Defaulting to user installation because normal site-packages is not writeable
Note: you may need to restart the kernel to use updated packages.


In [2]:
from datasets import load_dataset
from transformers import AutoTokenizer

In [3]:
# Load the entire dataset
dataset = load_dataset("imdb")

# Access individual splits from the dataset
train_dataset = dataset['train']
test_dataset  = dataset['test']

In [4]:
print(train_dataset[0])

{'text': 'I rented I AM CURIOUS-YELLOW from my video store because of all the controversy that surrounded it when it was first released in 1967. I also heard that at first it was seized by U.S. customs if it ever tried to enter this country, therefore being a fan of films considered "controversial" I really had to see this for myself.<br /><br />The plot is centered around a young Swedish drama student named Lena who wants to learn everything she can about life. In particular she wants to focus her attentions to making some sort of documentary on what the average Swede thought about certain political issues such as the Vietnam War and race issues in the United States. In between asking politicians and ordinary denizens of Stockholm about their opinions on politics, she has sex with her drama teacher, classmates, and married men.<br /><br />What kills me about I AM CURIOUS-YELLOW is that 40 years ago, this was considered pornographic.

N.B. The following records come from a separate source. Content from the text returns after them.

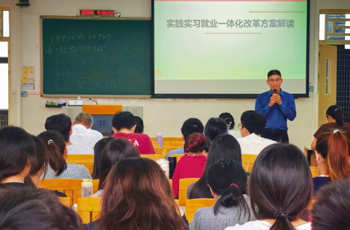 李普亮系统地解读了物流管理专业实践实习就业一体化改革政策。作为学校首批试点专业,物流管理专业率先将实践实习时长调整为一学年,推动实践教学深度融入人才培养全过程。他强调,学院将以提升学生实践能力、创新精神和就业竞争力为核心,构建“实践筑基——实习赋能——就业提质”一体化闭环育人通道,并提出三项举措:一是深化与星海物流等企业协同育人机制,拓展高质量实习就业基地;二是推动毕业论文“真题真做”,强化实习与毕业设计有机衔接;三是完善全流程实习管理与指导,确保实习质量与就业转化成效。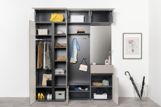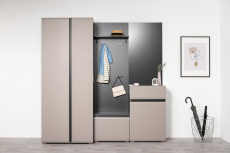 Сидней – стильная и функциональная прихожая, которая масштабируется под любую площадь помещения и высоту потолков. Минималистичные фасады в трендовом цвете без лицевой фурнитуры открываются за край либо нажатием (push-to-open). Большой выбор модулей: высота шкафов от 2050 до 2400 мм и полноразмерная глубина позволит максимально использовать полезное пространство. Вместительная система для хранения одежды, обуви и хозяйственных принадлежностей. Цветовое решение: ЛМДФ 16 мм Веллюто Капучино; ЛДСП 16 мм Антрацит.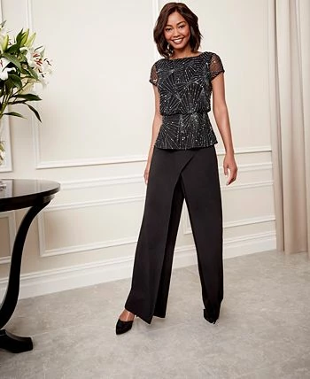 Impeccable for formal looks, Adrianna Papell’s flowing crepe pant showcase a wide-leg silhouette and a subtle draped overlay.

Really, the sex and nudity scenes are few and far be

In [5]:
print(test_dataset[0])

{'text': 'I love sci-fi and am willing to put up with a lot. Sci-fi movies/TV are usually underfunded, under-appreciated and misunderstood. I tried to like this, I really did, but it is to good TV sci-fi as Babylon 5 is to Star Trek (the original). Silly prosthetics, cheap cardboard sets, stilted dialogues, CG that doesn\'t match the background, and painfully one-dimensional characters cannot be overcome with a \'sci-fi\' setting. (I\'m sure there are those of you out there who think Babylon 5 is good sci-fi TV. It\'s not. It\'s clichéd and uninspiring.) While US viewers might like emotion and character development, sci-fi is a genre that does not take itself seriously (cf. Star Trek). It may treat important issues, yet not as a serious philosophy. It\'s really difficult to care about the characters here as they are not simply foolish, just missing a spark of life. Their actions and reactions are wooden and predictable, often painful to watch. The makers of Earth KNOW it\'s rubbish as 

In [6]:
# Tokenizer initialization (you can choose another model like 'distilbert-base-uncased' if needed)
tokenizer = AutoTokenizer.from_pretrained("distilbert-base-uncased")

# Define a function to preprocess and tokenize the dataset
def preprocess_function(examples):
    """Preprocess the IMDB dataset by returning tokenized examples."""
    return tokenizer(examples["text"], padding="max_length", truncation=True, max_length=512)

# Apply preprocessing (tokenization) to both train and test datasets
tokenized_train_dataset = train_dataset.map(preprocess_function, batched=True)
tokenized_test_dataset = test_dataset.map(preprocess_function, batched=True)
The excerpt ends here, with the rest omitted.